→ **Task goal**
Only the pictures are to be dropped, and the rest of the data should be copied exactly.

→ **Provided records**
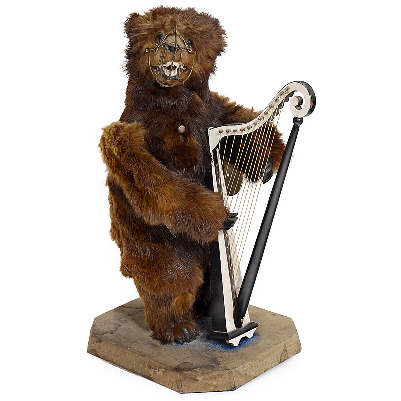 With fur-covered papier-mâché body, carved wood paws, bone teeth, glass eyes, brass muzzle and single-air going-barrel motor, height 13 1/3 in. (34 cm). The bear "plucks" the harp with both paws accompanied by a lively tune, working, but spring slips. Wit
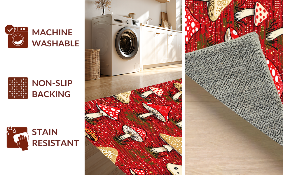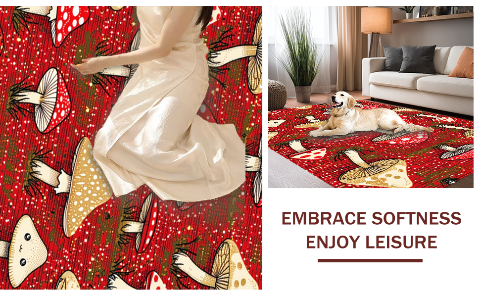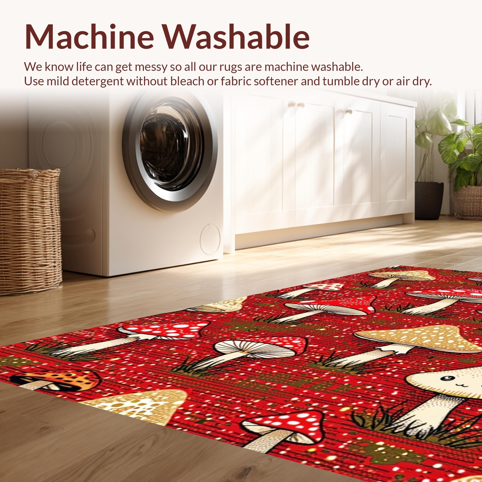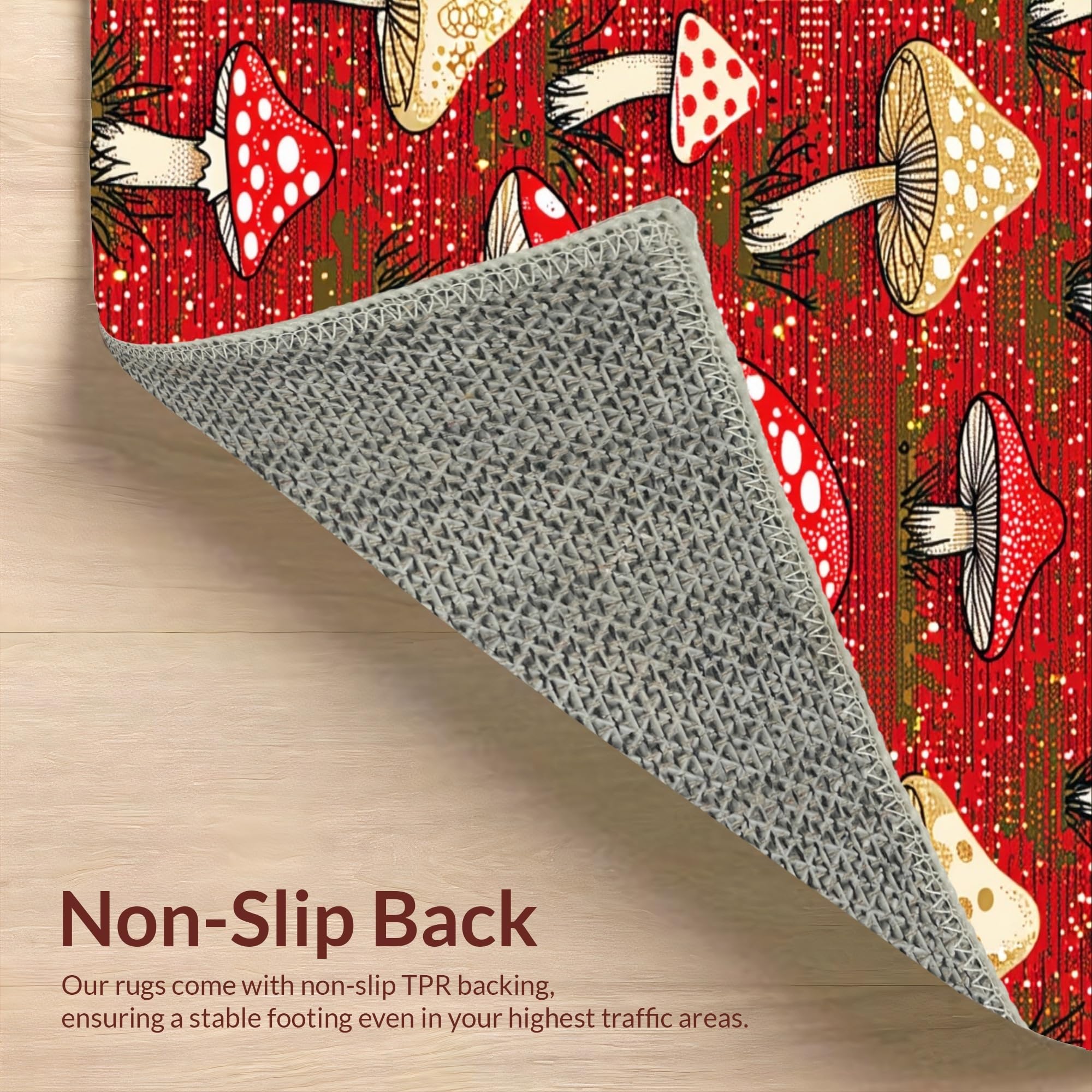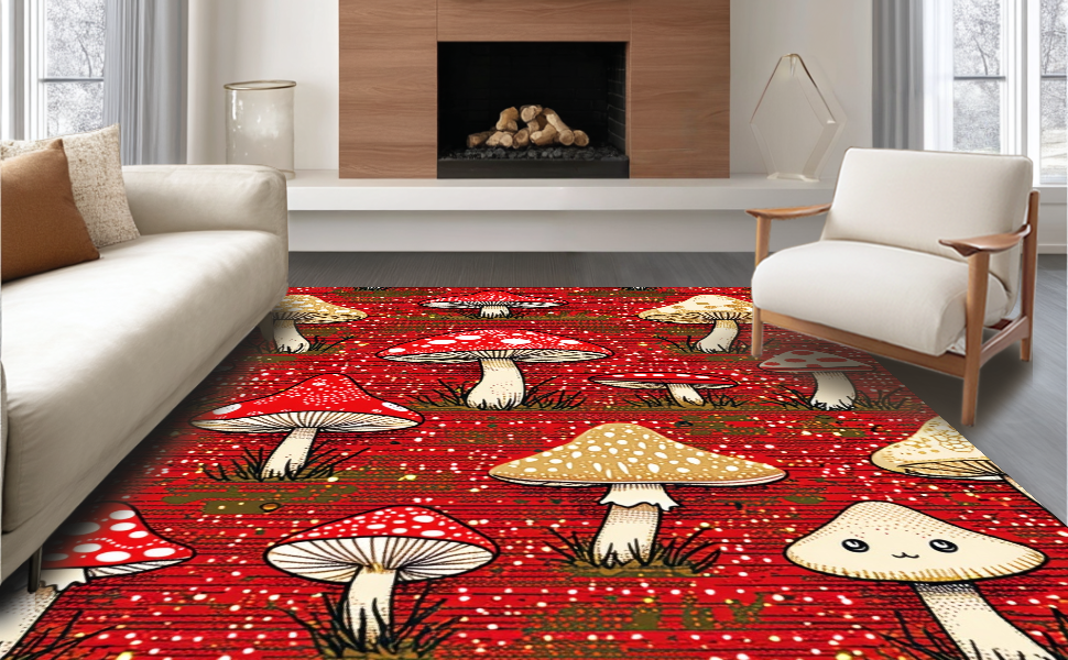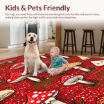 Ultra Soft Area Rug, Non Slip, Stain Resistant, Washable Area Rugs for Living Room, Bedroom, Colorful Mushroom Print with Cheer(Red) Overview:
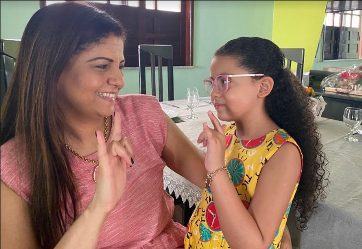Como a menina ama conversar, o idioma é até usado quando ela não pode usar a voz, lembra a mãe de momentos engraçados. “Quando ela começou a aprender Libras, uma coisa interessante, é que às vezes ela queria falar enquanto estava almoçando. Só que de boca cheia não podia, então fazia alguns sinais pra poder se comunicar pela ansiedade de querer falar logo”.
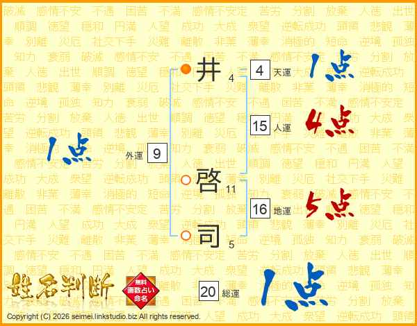 井(4画) 啓(11画)司(5画)
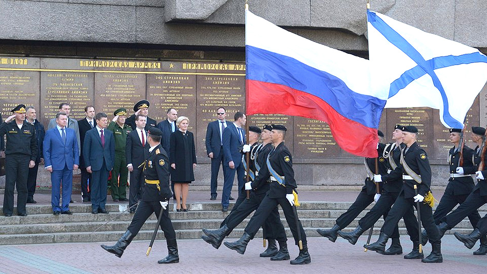 Он је стигао у пратњи чланова Владе и руководства Севастопоља. Након полагања цвећа минутом ћутања присутни су одали пошту погинулима. Руску химну је током церемоније извео оркестар Црноморске флоте РФ.
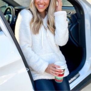 New with tags Pink Lily White Fuzzy Sherpa Hoodie. Size medium. Sweatshirt front pouch pocket
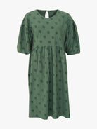 Elena-mekko hurmaa kauniilla puhvimaisilla hihoillaan ja leikkisällä Big Dot -struktuurineuloksella! Big Dot on trikoon vahvuinen neulos, jota elävöittävät pinnasta kohoavat froteemaiset täplät – ne luovat kankaaseen upean, kolmiulotteisen ilmeen. Mekossa on lisäksi käytännölliset taskut. Elena-mekko on vaivattoman tyylikäs valinta, joka sopii niin rentoihin arkipäiviin kuin juhlavampiinkin hetkiin. Polvipituinen helma, 3/4-mittaiset hihat ja laskettu olkasauma tuovat malliin rennon, mutta huolitellun ilmeen. Materiaali ei sisällä elastaania, mutta kangas joustaa silti jonkin verran. Mekko on reilua oversize -mitoitusta, joten suosittelemme valitsemaan yhtä tai kahta kokoa normaalia pienemmän koon, mikäli haluat istuvamman mekon.

→ **Output of the task**
 With fur-covered papier-mâché body, carved wood paws, bone teeth, glass eyes, brass muzzle and single-air going-barrel motor, height 13 1/3 in. (34 cm). The bear "plucks" the harp with both paws accompanied by a lively tune, working, but spring slips. Wit
 Ultra Soft Area Rug, Non Slip, Stain Resistant, Washable Area Rugs for Living Room, Bedroom, Colorful Mushroom Print with Cheer(Red) Overview:
Como a menina ama conversar, o idioma é até usado quando ela não pode usar a voz, lembra a mãe de momentos engraçados. “Quando ela começou a aprender Libras, uma coisa interessante, é que às vezes ela queria falar enquanto estava almoçando. Só que de boca cheia não podia, então fazia alguns sinais pra poder se comunicar pela ansiedade de querer falar logo”.
 井(4画) 啓(11画)司(5画)
 Он је стигао у пратњи чланова Владе и руководства Севастопоља. Након полагања цвећа минутом ћутања присутни су одали пошту погинулима. Руску химну је током церемоније извео оркестар Црноморске флоте РФ.
 New with tags Pink Lily White Fuzzy Sherpa Hoodie. Size medium. Sweatshirt front pouch pocket
 Elena-mekko hurmaa kauniilla puhvimaisilla hihoillaan ja leikkisällä Big Dot -struktuurineuloksella! Big Dot on trikoon vahvuinen neulos, jota elävöittävät pinnasta kohoavat froteemaiset täplät – ne luovat kankaaseen upean, kolmiulotteisen ilmeen. Mekossa on lisäksi käytännölliset taskut. Elena-mekko on vaivattoman tyylikäs valinta, joka sopii niin rentoihin arkipäiviin kuin juhlavampiinkin hetkiin. Polvipituinen helma, 3/4-mittaiset hihat ja laskettu olkasauma tuovat malliin rennon, mutta huolitellun ilmeen. Materiaali ei sisällä elastaania, mutta kangas joustaa silti jonkin verran. Mekko on reilua oversize -mitoitusta, joten suosittelemme valitsemaan yhtä tai kahta kokoa normaalia pienemmän koon, mikäli haluat istuvamman mekon.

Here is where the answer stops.